Connecting an email address through a standard protocol

[Changaco]

Instead of having to send a verification message to an email address, applications like Liberapay could theoretically use a standard API to redirect the user to the email provider's website to confirm the user's address and obtain permission to send emails to that user. Unfortunately I'm not aware of any such standard protocol.

Having this would ultimately solve email delivery issues, since applications would have explicit authorizations to send messages to a specific email address. Of course anti-spam systems would have to be adapted to take this into account, and that would probably take many years, but if the big email providers like Google adopted this hypothetical standard then a large proportion of email addresses could quickly become compatible.

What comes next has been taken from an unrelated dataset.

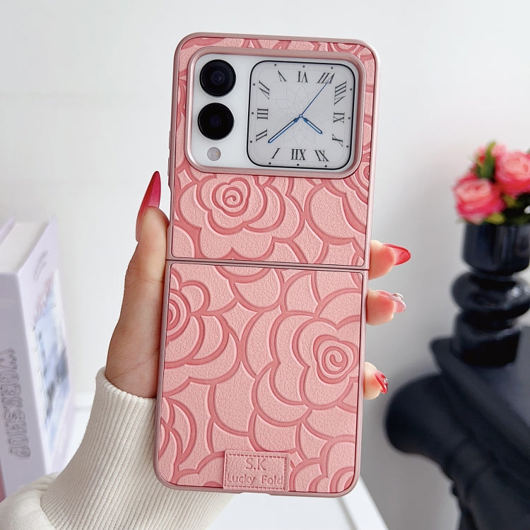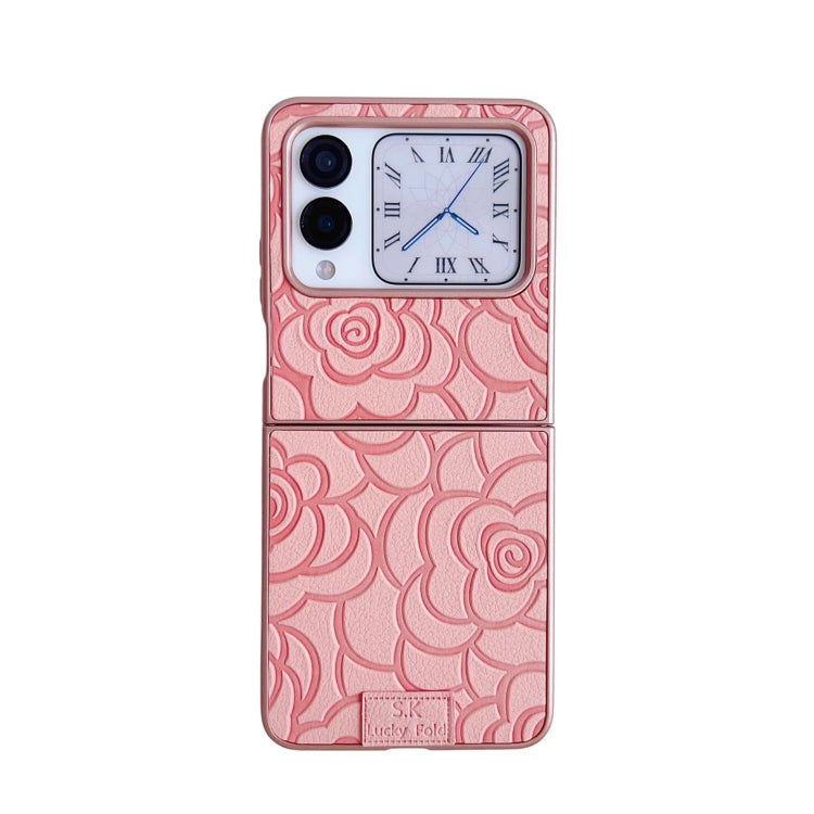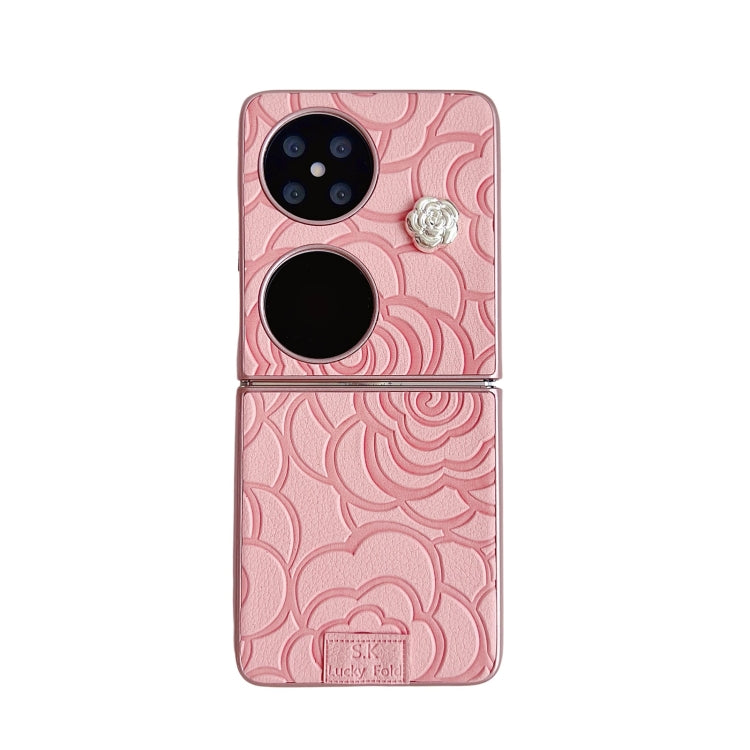 Funda para Teléfono Huawei P50 Pocket con Diseño de Cuadros 3D de Camelia (Rosa)

Having this would also pretty much kill the demand for “features” like “Sign in with Google” (#1651).

[Changaco]

Technical notes about how that standard protocol should work:

• Unlike OAuth, the protocol probably shouldn't require the application to obtain and store an ID/secret pair, because that would add complexity and hinder adoption. The authorization should be tied to the application's domain name, and a receiving email server should check that the message is signed with that domain's current DKIM key.
• Don't use a specific DNS query to determine whether an email domain supports the protocol, because that would hinder adoption. The authentication process should start with an HTTPS request to a /.well-known/... endpoint, and the application should abort if that request returns a 404 or if it fails completely (the email domain doesn't have any A or AAAA record, the server doesn't accept connections on port 443, etc.).

[bortzmeyer]

Before designing a new protocol, I suggest to think a bit about which problem exactly we are trying to solve. Ensuring we can send email? (If so, there is no best solution than to send an email.) A form of authentication?

[Changaco]

It's about solving multiple problems, really.

Firstly, the whole process of confirming an email address by sending a message containing a verification link is bad user experience. Most of us are used to it and consider it to be a minor inconvenience, but people who are more used to the “Sign in with {Google/Facebook/etc.}” buttons see it more negatively.

Secondly, this traditional way of doing things allows anyone to “trick” an application like Liberapay into sending an unsolicited email to someone else's address. Of course we have rate limits in place to prevent large-scale abuse, but it would be better to eliminate the problem entirely. Maybe ten years from now we would be able to stop supporting the old way of connecting an email address.

Thirdly, it's about avoiding the false positives of anti-spam filters by explicitly authorizing an application to send you emails, without any extra effort on your part (no “Add us to your contacts/whitelist to make sure you receive our emails”).

Fourthly, it's about reducing the appeal of the proprietary and centralized authentication solutions (Google, Facebook, etc.) by providing a standard alternative which could be adopted by all email providers, big or small.

[Changaco]

This email authentication protocol would of course be built upon existing standards. I've already mentioned DKIM, HTTP and TLS. The payload format would most likely be JSON.

My understanding of WebAuthn is that it's trying to solve a different problem. The email auth protocol would be complementary. It may even be possible to integrate both standards together in browsers to provide an even better user experience.

[Changaco]

A relevant previous attempt to solve some of the same problems is Mozilla Persona. The difference is that Persona was an intermediary, whereas my proposal is that email providers would perform the authentication directly. The advantage is that the email provider can add the application's domain to the authenticated user's whitelist, whereas Persona didn't improve email deliverability.

[Changaco]

The email auth protocol could also optionally provide an avatar URL. This would pretty much negate our need for the Libravatar protocol (#1367) and WebFinger (#1460).

[Changaco]

Two other relevant protocols are OpenID Connect and IndieAuth, however neither of them is designed to be implemented by email providers.

[Changaco]

Alternative approach with very different trade-offs: #2291.